== Data segment

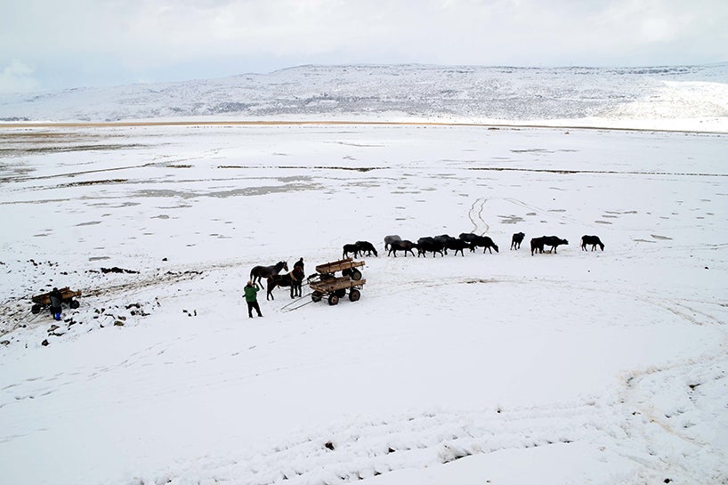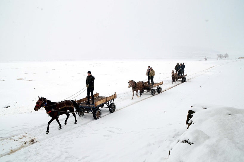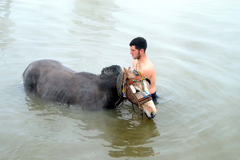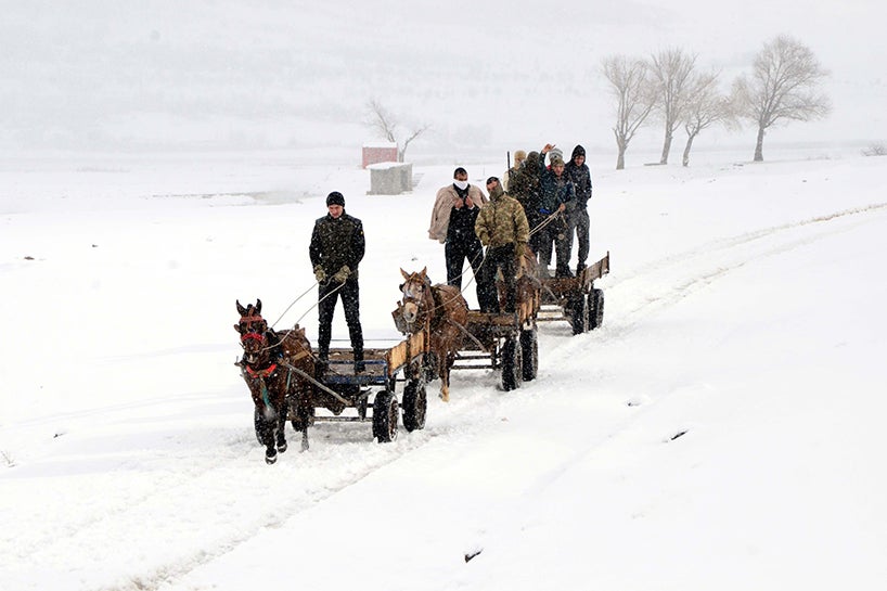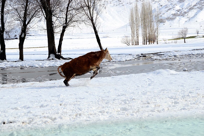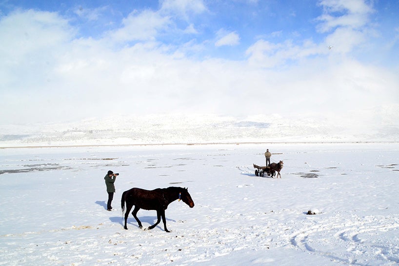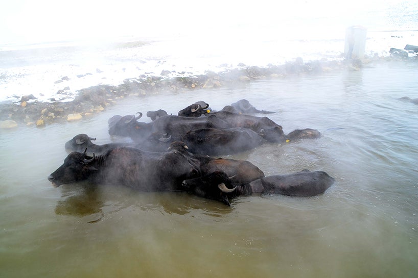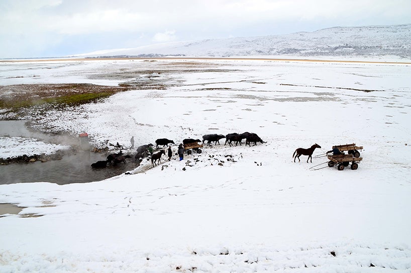 At ve mandaların sırtına çıkarak takla atan gençler, dondurucu soğukta kaplıcada yüzmenin de keyfini yaşıyor.
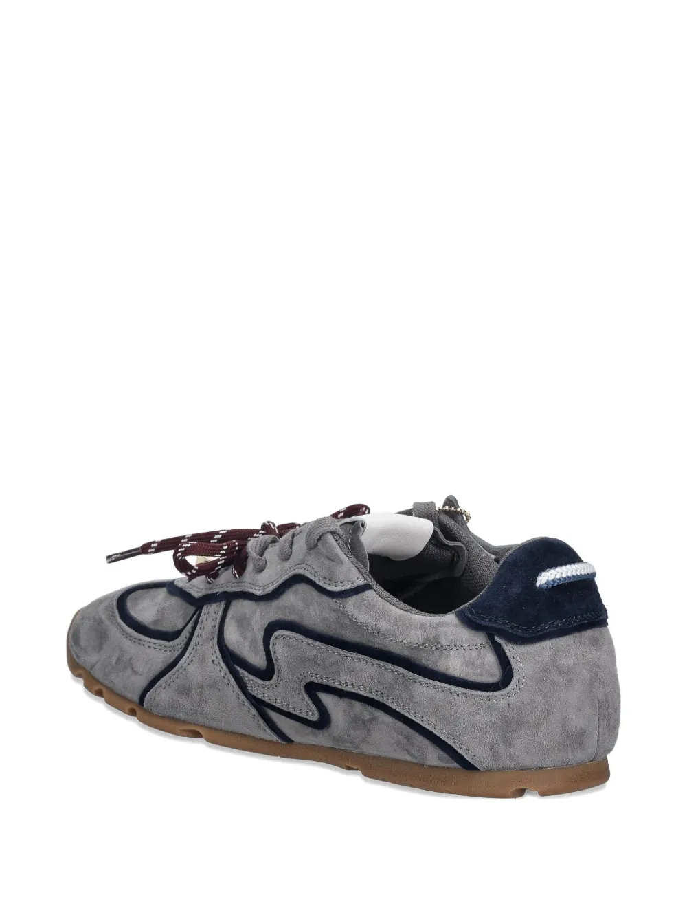 Серый цвет, нашивка-декор, шнуровка, контрастная окантовка, задняя петля, резиновая подошва
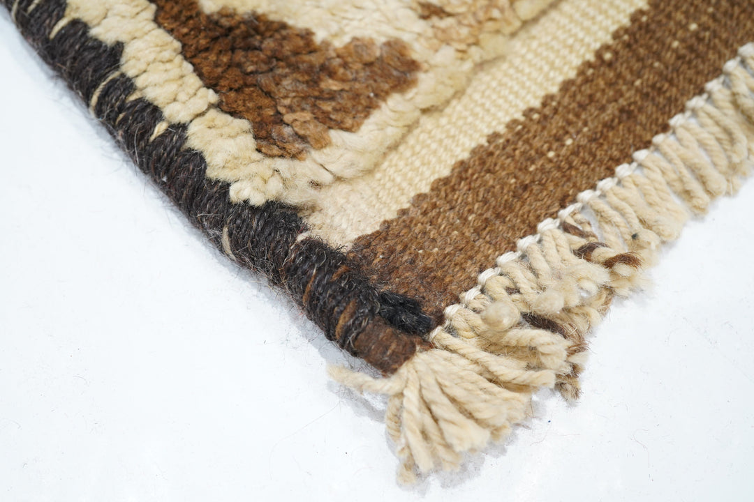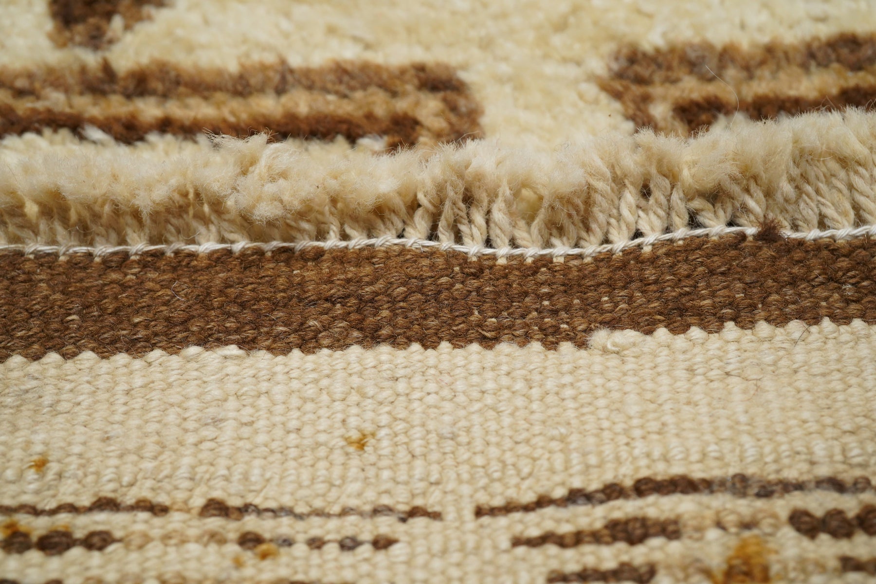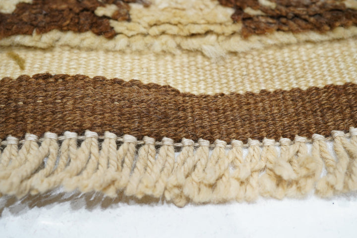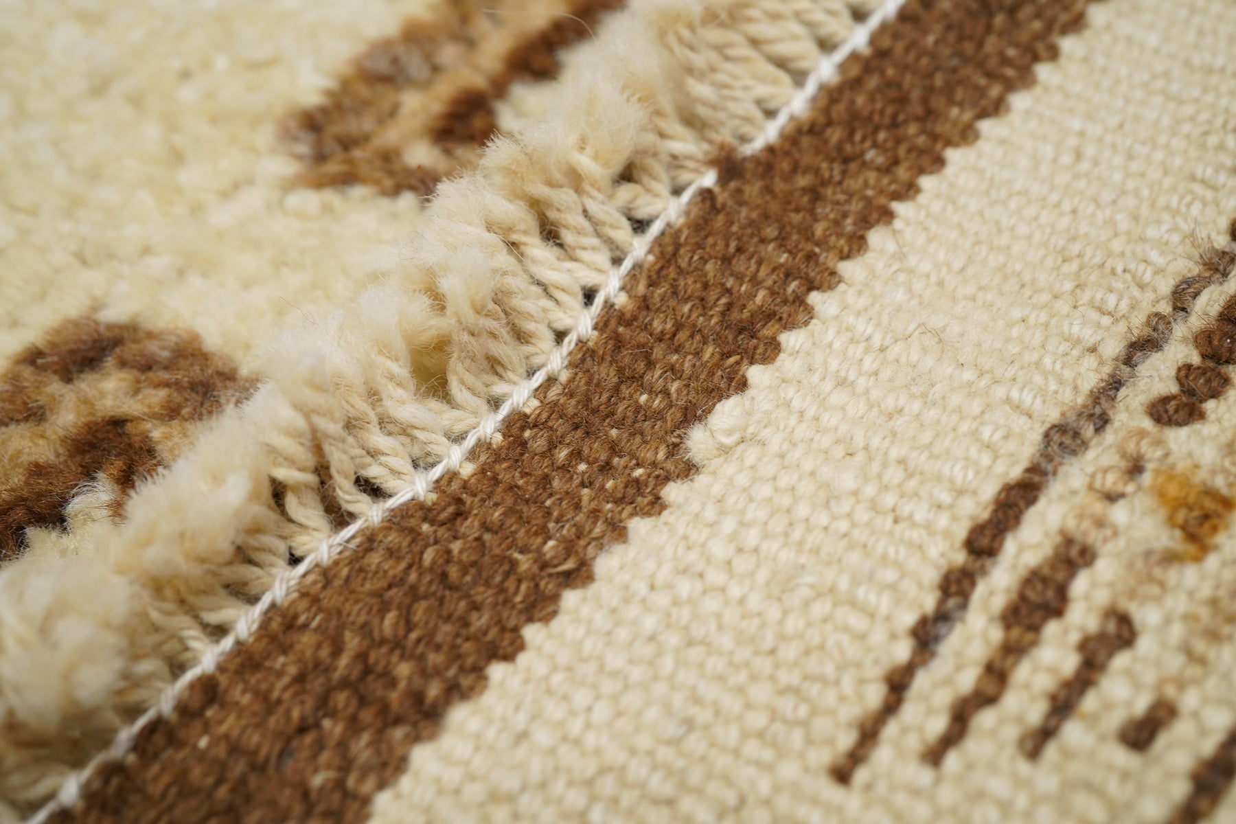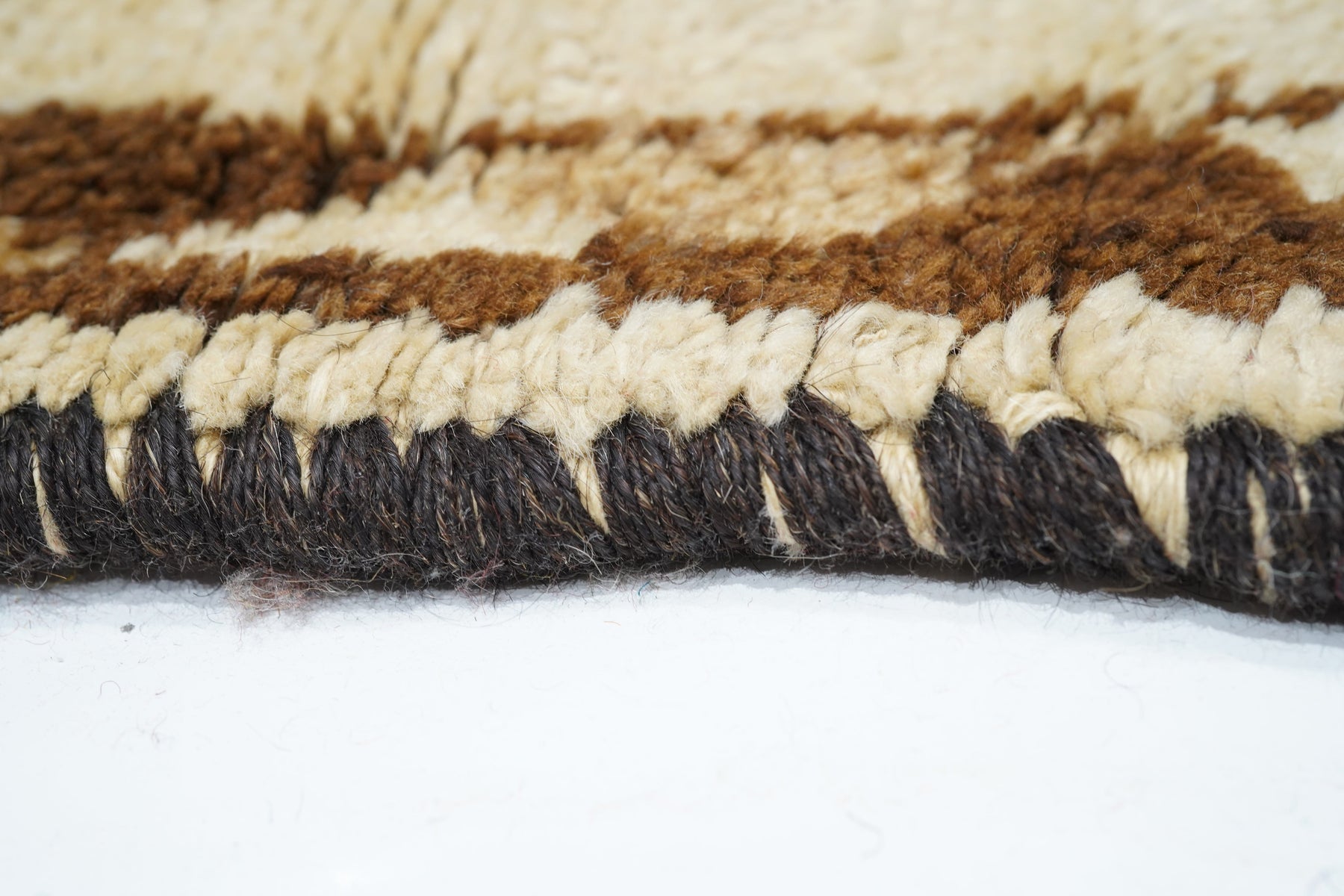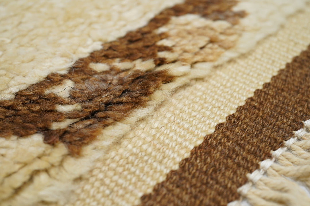 In the blue-and-white style with a round, densely fretted medallion incorporating four dragon heads, and numerous secondary paeony and other seasonal floral sprays. Openwork floral arabesque corners. Ecru main border of lotuses and wiry arabesque segments, Solid dark blue outer surround and inner pearled dark blue frame. Medium weave and cotton. Good condition.

====

## Work required:
Reproduce the material above exactly but drop all images.

## Response to the exercise:
 At ve mandaların sırtına çıkarak takla atan gençler, dondurucu soğukta kaplıcada yüzmenin de keyfini yaşıyor.
 Серый цвет, нашивка-декор, шнуровка, контрастная окантовка, задняя петля, резиновая подошва
 In the blue-and-white style with a round, densely fretted medallion incorporating four dragon heads, and numerous secondary paeony and other seasonal floral sprays. Openwork floral arabesque corners. Ecru main border of lotuses and wiry arabesque segments, Solid dark blue outer surround and inner pearled dark blue frame. Medium weave and cotton. Good condition.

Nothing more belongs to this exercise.